Source material Block Start
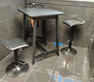 Ensemble composé d'une table haute carrée noire en bois et de deux tabourets de bar noirs avec assise en plastique et pied métallique rond. L'ensemble est adapté pour une cuisine o
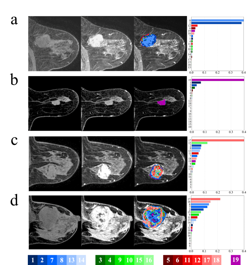 针对上述问题,该研究绕开复杂的生理学模型,提出一种不基于模型、纯数据驱动的DCE图像定量分析方法,顺利获得逐体素提取时间信号曲线进行自动分类,并将不同类别时间信号曲线的空间分布和分类占比映射到肿瘤空间内部进行颜色编码,实现了对乳腺癌血流动力学异质性的定量可视化评估。研究发现该新方法所提取的血流动力学异质性特征对于区分乳腺肿瘤的良恶性、病理级别、分子亚型和细胞增殖状态均具有显著的价值,为研究肿瘤微环境异质性给予了一种新思路和新方法。
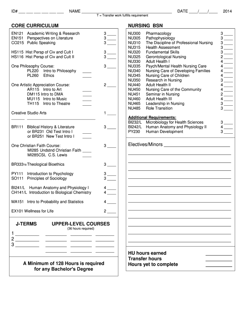 ID# NAME DATE / / 2014 T Transfer work fulfills requirement CORE CURRICULUM NURSING BSN EN121 Academic Writing & Research EN151 Perspectives on Literature CO215 Public Speaking 3 3 3 HS115 Hist PERP
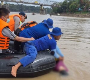 Kedua korban yang berhasil diselamatkan kemudian dibawa ke tepi sungai dalam kondisi selamat.
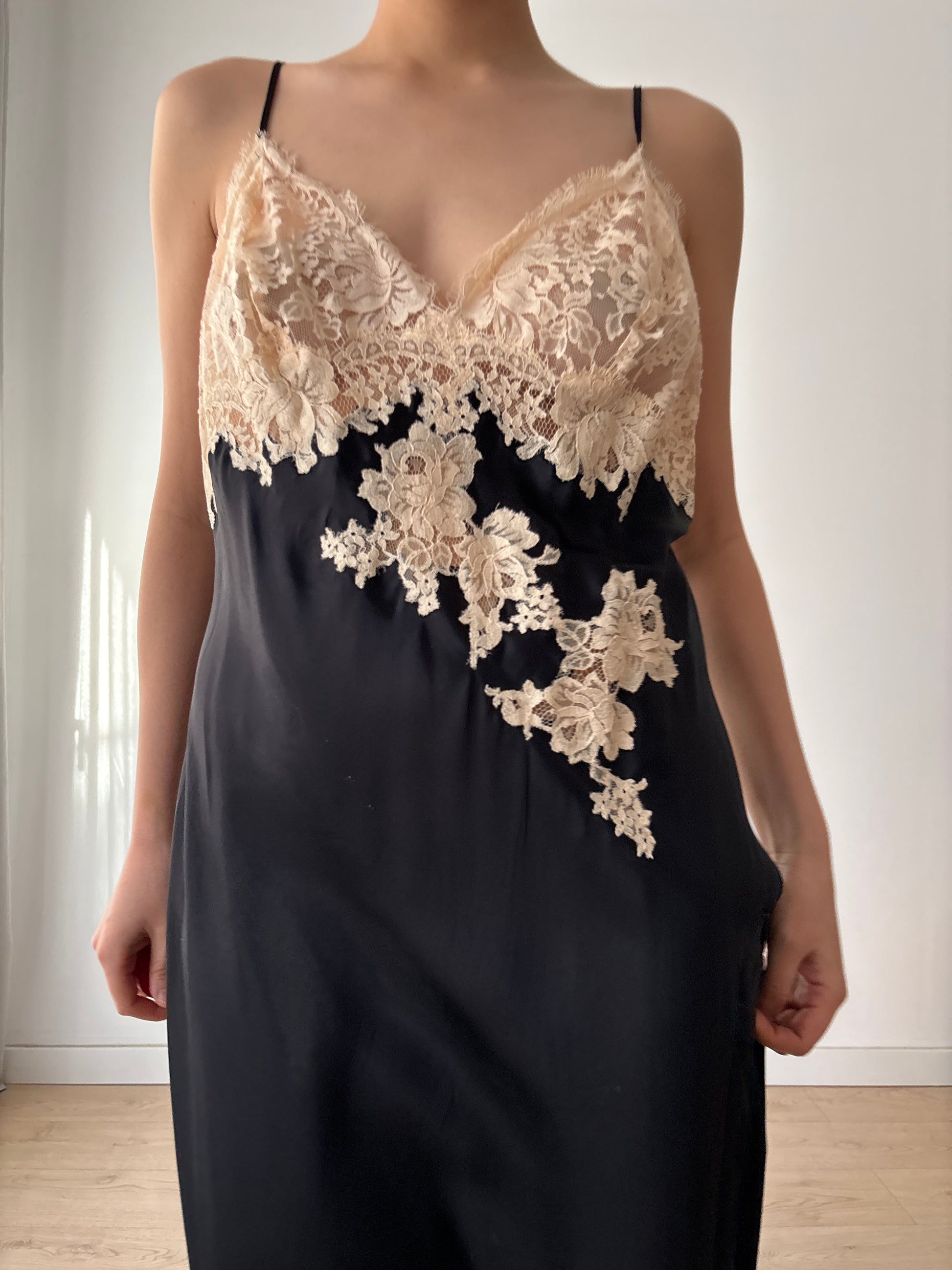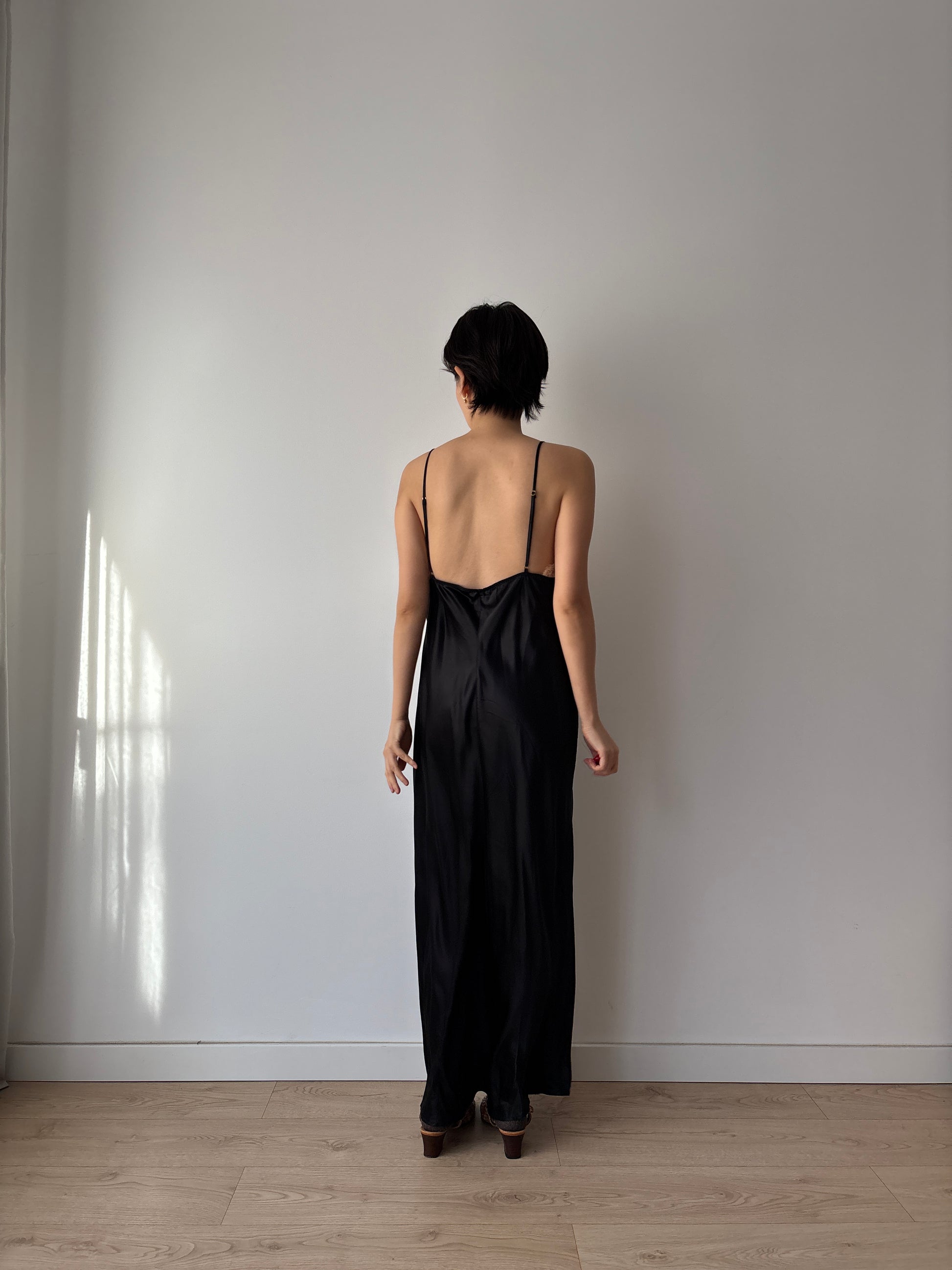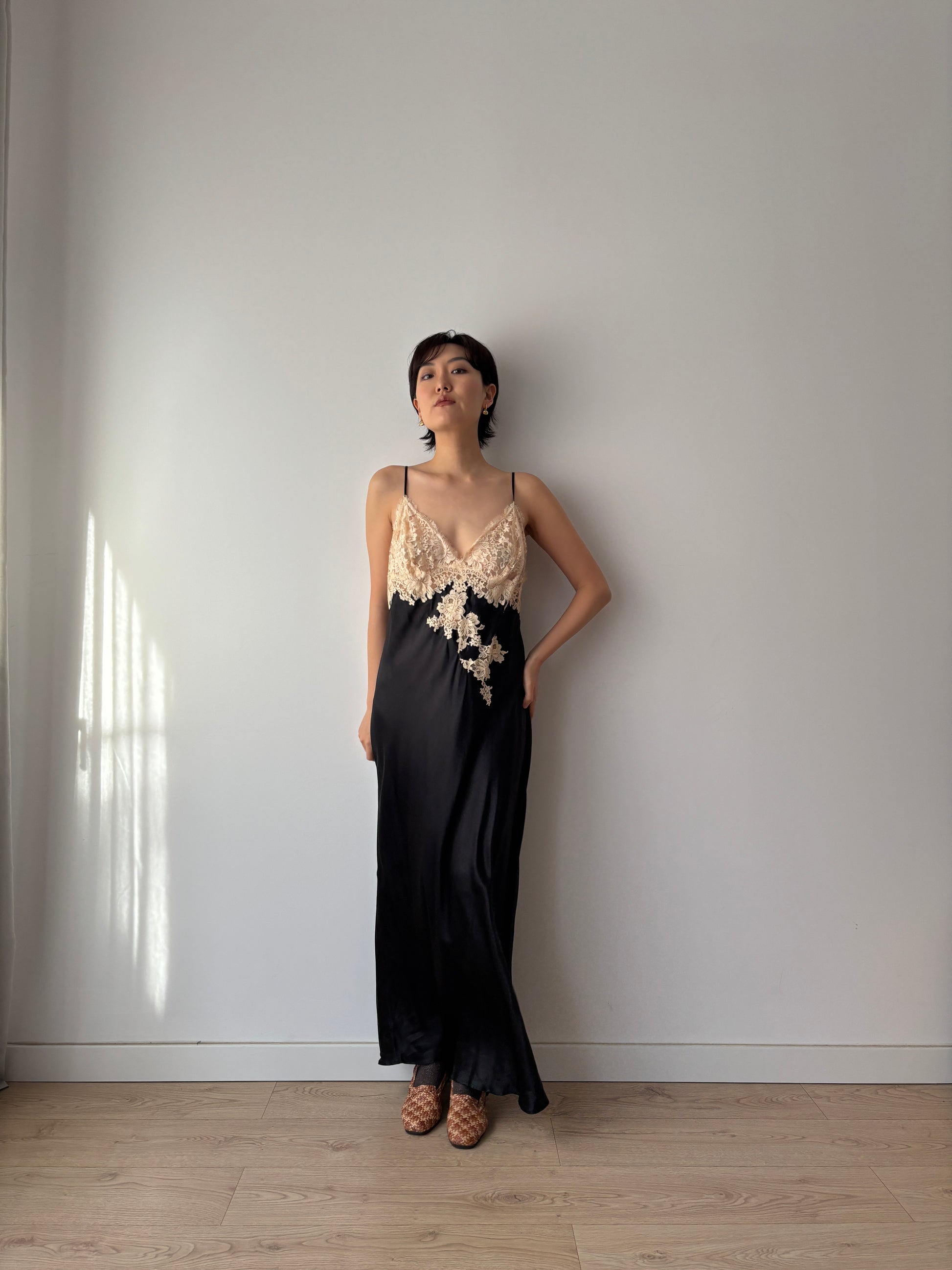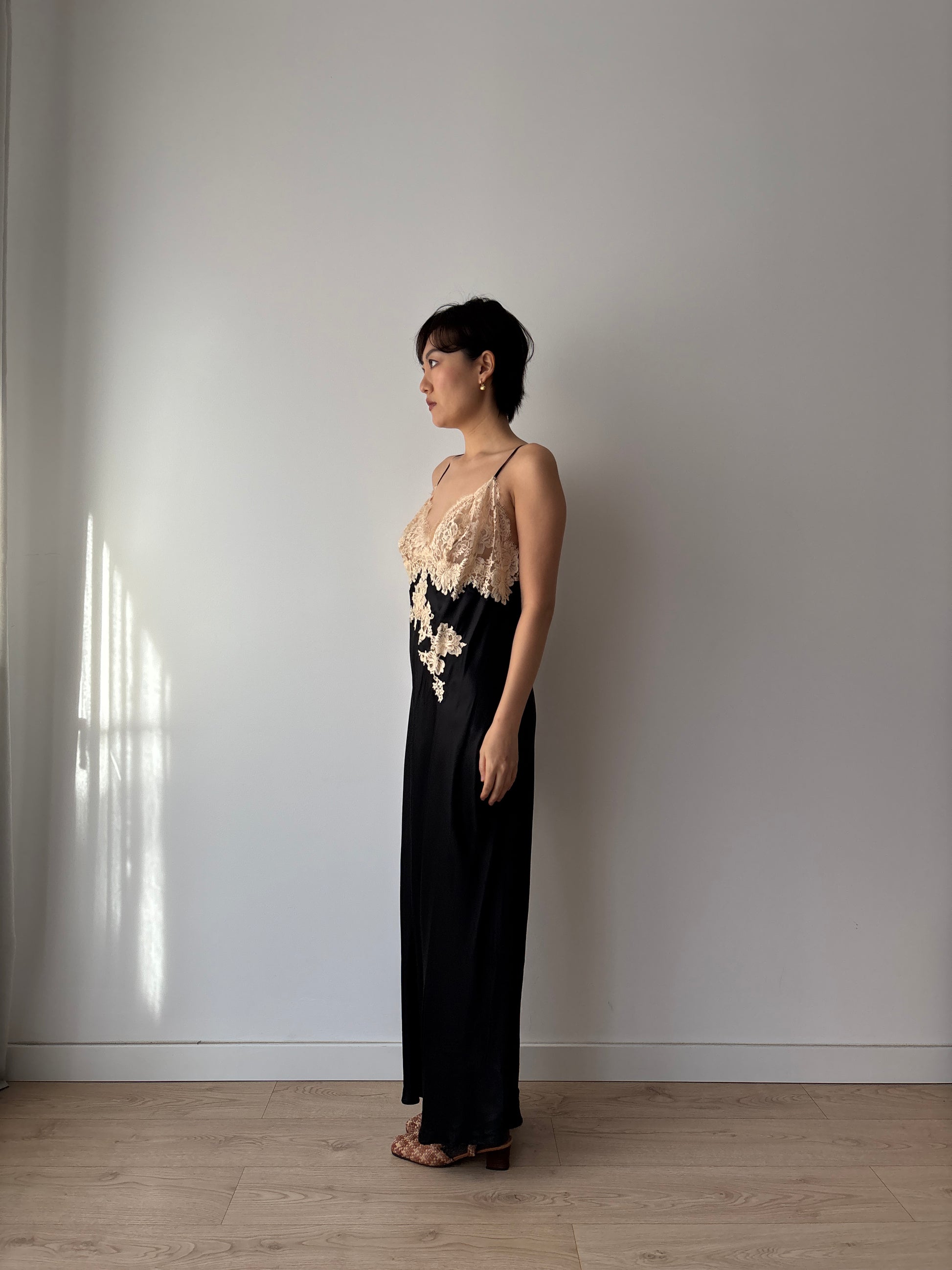 This Y2K-era black silk slip dress embodies minimalist edge with its straight cut silhouette and delicate lace embroidery. The luxurious liquid silk drapes elegantly, making it versatile enough for evening parties or layered for a chic everyday look.
Source material Block End
#### [Task brief]
Skip the pictures and print exactly the lines from the one containing "ID# NAME DATE" through the end of the records above.

#### [Written response]
 ID# NAME DATE / / 2014 T Transfer work fulfills requirement CORE CURRICULUM NURSING BSN EN121 Academic Writing & Research EN151 Perspectives on Literature CO215 Public Speaking 3 3 3 HS115 Hist PERP
 Kedua korban yang berhasil diselamatkan kemudian dibawa ke tepi sungai dalam kondisi selamat.
 This Y2K-era black silk slip dress embodies minimalist edge with its straight cut silhouette and delicate lace embroidery. The luxurious liquid silk drapes elegantly, making it versatile enough for evening parties or layered for a chic everyday look.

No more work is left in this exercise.